DNS Retail (Russian: OOO «ДНС Ритейл», also known in English as CSN Retail LLC) is the owner of a Russian retail chain specialising in the sale of computers, electronics, and household goods, and also a manufacturer of computer hardware including laptops, tablets and smartphones. In 2019, it became the 6th-largest retail company in Russia, and in 2021, DNS was the 22nd-largest private company in Russia. As of 2021, there are more than 2,000 branches across Russia, and in May 2021, the first branches were opened in Kazakhstan. The company's headquarters are located in Vladivostok.

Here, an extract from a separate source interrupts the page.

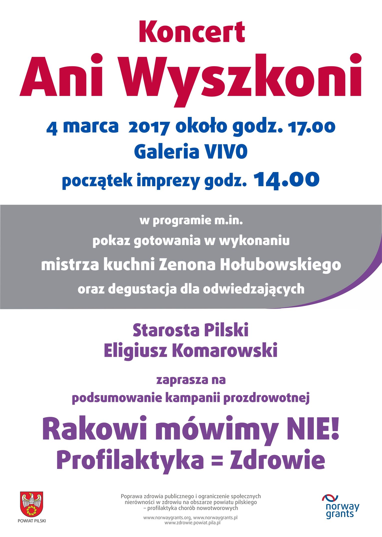 Kampania prozdrowotna Powiatu Pilskiego „Rakowi mówimy NIE. Profilaktyka=Zdrowie” realizowana jest w ramach programu poprawy zdrowia publicznego, finansowanego ze środków Norweskiego Mechanizmu Finansowego 2009-2014 i budżetu państwa.

The general director of the company is Aleksei Popov. Popov is also the general director and co-owner of the parent company DNS Group.

History 

DNS (short for Digital Network System) was founded in 1998 in Vladivostok, after the founders' previous business specialising in corporate computer services ended in bankruptcy. The company initially sold computers assembled by hand inside a retail store.

In 2005, the company began to expand its retail presence nationally, opening branches in Nakhodka and Khabarovsk. In 2006, a further branch was opened in Irkutsk. By 2009, there were DNS stores in cities across Russia, including Chita, Novosibirsk, Ekaterinburg and Rostov on Don. At the same time, further branches were opened in regions where the company already had a presence.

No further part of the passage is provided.